In the all-encompassing utopia of a transformation of society based on an expanded definition of art, which from the late 1950s he called “Projekt Westmensch” (Western Man Project), Beuys touched upon every area of social affairs. The notion of human beings as artists inevitably included all their creative potentials, especially production in the general sense and the economy as a whole.


At the center of his considerations on economics stood the concept of capital as defined by Karl Marx in his eponymous major work of 1867. In the 1960s-70s, the Marxist theory of class struggle was the most popular revolutionary idea in the anticapitalist student movements in France and Germany. Beuys, in contrast, advocated a third way, resulting from his expanded definition of art: a fundamental re-evaluation of the role of man in society based on a redefinition of the concept of capital. As Beuys explained in an interview:



“So I would tell people that alternative economic ideas have long since been developed that provide people with the freedom they need, that provide people with the democratic equality they need, and that give them the opportunity to act with self-responsibility in economic life. Yes, I would certainly arrive at ideas like these: the expanded definition of art, “Everyman an artist,” the creativity issue, the freedom issue, the issue of a truly free economy, the necessity of a new monetary order – something that goes far beyond capitalism and communism. We have already called this the “third way.”
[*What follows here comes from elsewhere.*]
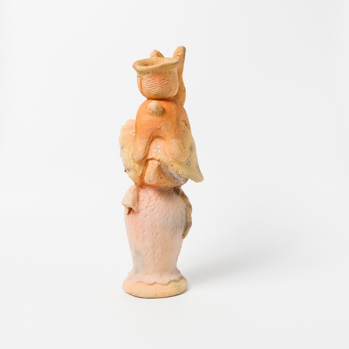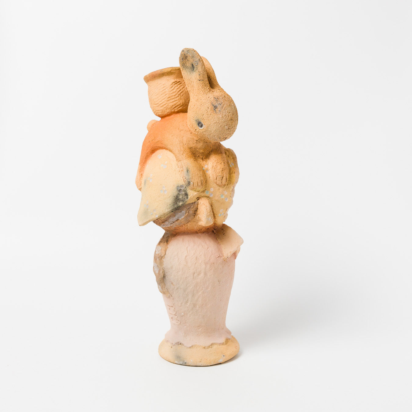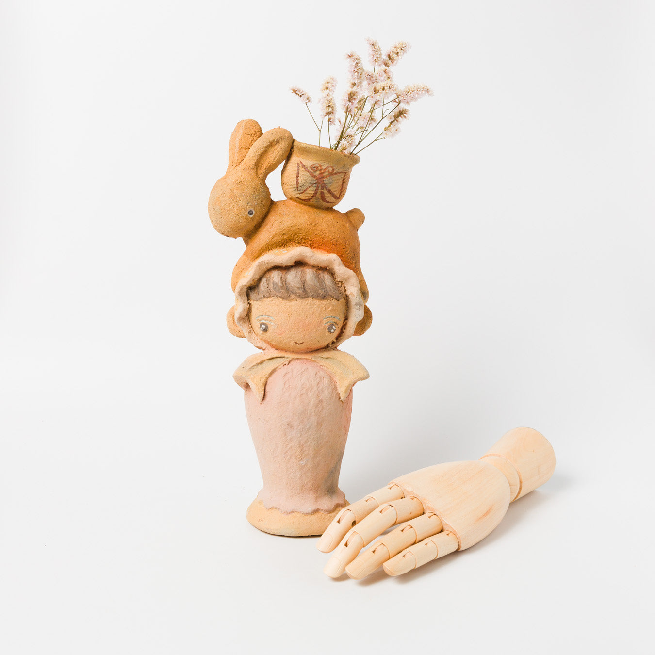 野焼きで作られた、土器の人形「土器子」シリーズ。うさぎ乗せたズキンが印象的です。

Based on the Latin source of the word (caput = head), Beuys defined capital as the mental creative abilities of people, which he reduced to the provocative formula “art=capital.” As he noted in a 1984 interview:



“This economic system, which relates to this [expanded definition of art] and is impelled by it, will change its form. And a monetary economy – which brings us right back to the concept of capital – a monetary exchange economy that degrades human dignity to a commodity for money – an important point in Marx – would change into an economy in which human ability is the sole capital. And when this matter has been taken care of… then money would disappear as the economic value and shift to this area and become a legal regulative, a legal document.”



There emerged in this connection various works, mostly editions, such as banknotes bearing the formula “Kunst=Kapital”, which qualified the overwhelming dominance of money. Beuys understood human beings as historically determined, but not necessarily bound by economic conditions and their environment. Rather, in his view, people shaped history. For Beuys, economic processes were the results of free men, of their creative activity.



A meeting with the economic theorist and anthroposophist Wilhelm Schmundt in 1973 in Achberg, and his theories on the concept of capital and monetary circulation, lastingly influenced Beuys’s thinking about “economic values”. Beuys and Schmundt proceeded from Rudolf Steiner’s three-part social organism, in which the State had merely to guarantee equality before the law, while the intellectual life and economy were to be left up to free individuals independent of the State. Beuys’s entire oeuvre, including his enigmatic performances, were aimed at a complete change of thought and thus of all societal relations.